The notion of "middle age" is of interest to us at two levels. Firstly, whilst Jinks is readily seen by readers as a "clerk" and hence a low-paid and low-status office worker, he had had sufficient legal experience to be advising the ageing, ignorant and henpecked Nupkins who remits all punishments of the Pickwickians to " protect himself from shameful revelations." Secondly, if we accept that during the Victorian era the term was radically transformed from "the prime of life" into one of uncertainty and anxiety for individuals of pending decline and deficit, we might need to reflect on the career aspirations of middle-aged clerks! Kay Heath, professor of English at the State University, Virginia in her brilliant book Ageing By The Book, posits that whilst Dickens wrote generally of older male adults in sympathetic terms (contrasted to that of middle-aged women), the "assault on masculinity began in midlife." Rank and property and wealth were the hallmarks of success and status, not chronological age. Pickwick was written in the mid-1830s but it was in the late 1840s and 50's that ageing and midlife- was a preoccupation in his novels reflecting Dickens own personal circumstances ( physically and mentally).
Moving on from Jinks, a brief look at another clerk who is portrayed as "elderly and sleek" with some status in the practice of Mr, Serjeant Stubbins, namely Mr Mallard. He is positively portrayed and viewed as an impressive secretary.
Of uncertain age is the prosecuting attorney in the trial of Bardell v's Pickwick Serjeant Buzfuz. Though being a barrister "of the highest rank", Dickens writes of him as being fat, redfaced, histrionic with a "volubility of speech". We can only assume that he was over 50 and hence falls into our older adult category.
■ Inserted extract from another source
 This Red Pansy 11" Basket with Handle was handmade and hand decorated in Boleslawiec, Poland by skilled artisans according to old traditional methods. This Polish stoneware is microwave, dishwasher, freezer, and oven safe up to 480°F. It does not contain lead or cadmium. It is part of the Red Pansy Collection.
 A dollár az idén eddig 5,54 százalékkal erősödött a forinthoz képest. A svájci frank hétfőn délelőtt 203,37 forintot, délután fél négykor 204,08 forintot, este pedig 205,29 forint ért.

His comic portrayal arguably includes sexual innuendo ( Mr Pickwick's menu) of which Dickens was to become a literary master.
Mr Winkle Senior is the owner of a wharf and is described as a "little old gentleman in a snuff-coloured suit, with a head and face the precise counterpart of his son", who is generally considered as apart from Pickwick himself the " most amusing and prominent of the Pickwickians". Winkle Snr is clearly a successful businessman, hard-headed some would say, and Dickens not surprisingly has him beguiled and won over by Arabella Allen's "tender and affectionate nature". The marriage without his consent is forgiven!
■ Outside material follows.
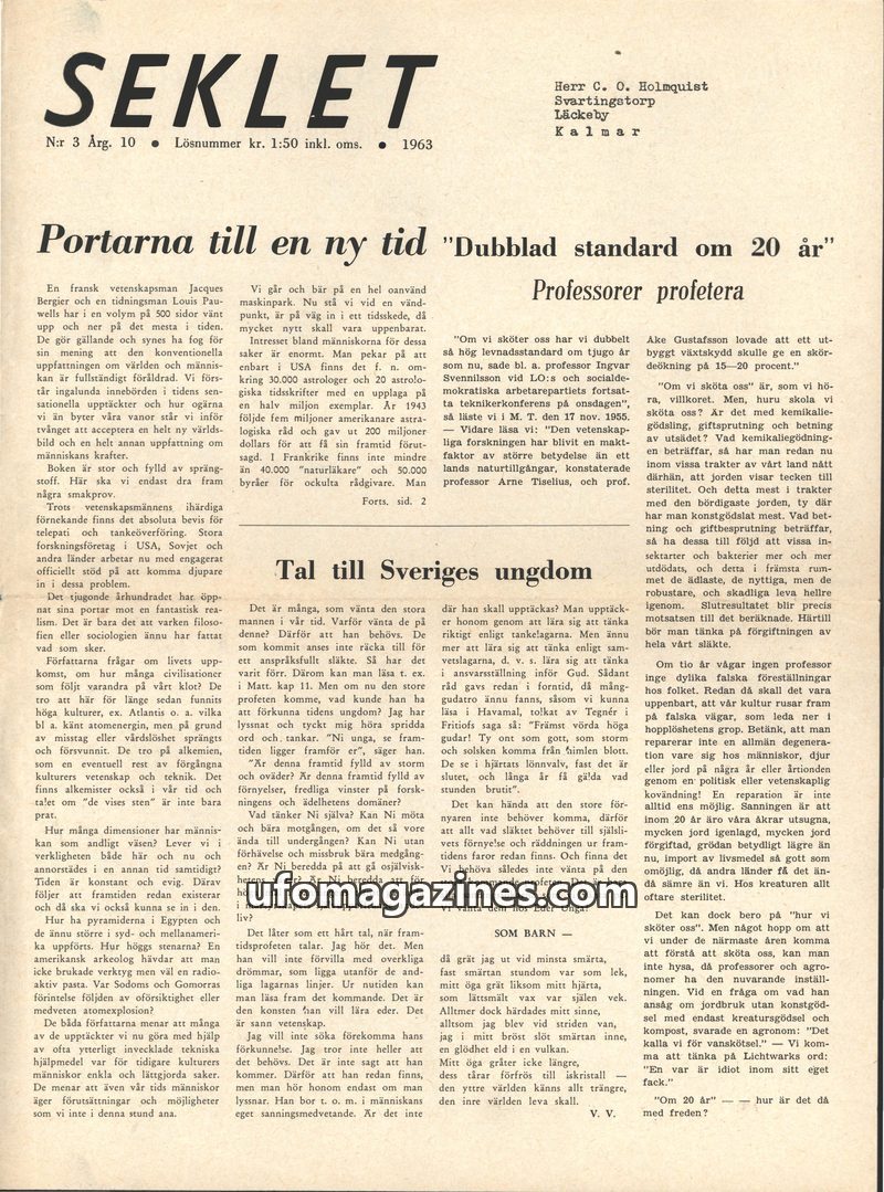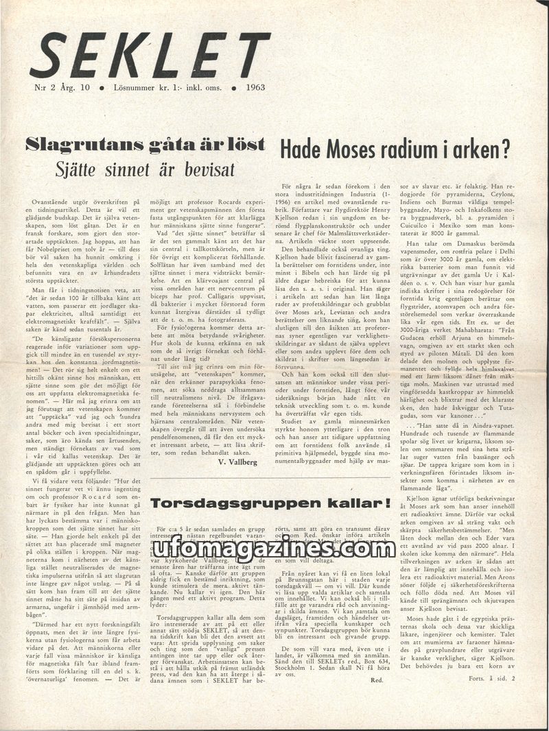 This issue of SEKLET magazine from 1963 delves into parapsychology, ancient technology, and spiritualism. It features an article on Rocards' experiments suggesting the sixth sense

Mrs Colonel Wugsby is featured in the Bath scene and plays cards with Pickwick and Dickens makes the point that she is one of several older women "of an ancient and whist-like appearance". She is also portrayed as being more interested in her daughter's potential to marry into money than in somebody who may well be wealthy but with little likelihood of "relinquishing the purse strings". She comes across as most disagreeable.
What is with Dickens and women generally and older women in particular? It is important to view his portrayals in the context of both late Georgian and Victorian attitudes, but also in his life course experiences. His beliefs about women in many ways reflected attitudes typical at the time he was writing Pickwick; but, by the mid-1800s, the emergence of medical narratives about ageing as a disease became increasingly influential, with its legacy prevalent even today. Dickens' attitudes would obviously have been influenced by his childhood and teenage experiences of older women ( and those he perceived as old). In addition, we need to take into account, again and again, his personality and emotional make-up, not just of the 1830s when he was a young and newly married adult, but into his mid and later years, too. The writer at the age of 24 is not the same as the writer his 50s. The Dickens of the latter age bracket increasingly resented old age and its implications.
Mrs Wugsby is both ancient and female - double jeopardy!
An even more disagreeable older female character is Mrs Raddle, sister of Mrs Clubbins and landlady of Bob Sawyer. She is a bully and a brute especially of her husband saying "Don't talk to me, don't, you brute, for fear I should be provoked to forget my sex and strike you"
These older "minor characters" have been given little attention in the context of literary gerontology and writing old age, but they provide us with an understanding of ageing during the 19th Century howbeit through a single author, who would become the greatest celebrity of his time. Pickwick reflected his inexperience as a writer and his youthfulness "remembering his boyhood" and the colliding of two eras - Georgian and Victorian. It is time to explore further how the depictions we have highlighted above evidence the dualism then taking place.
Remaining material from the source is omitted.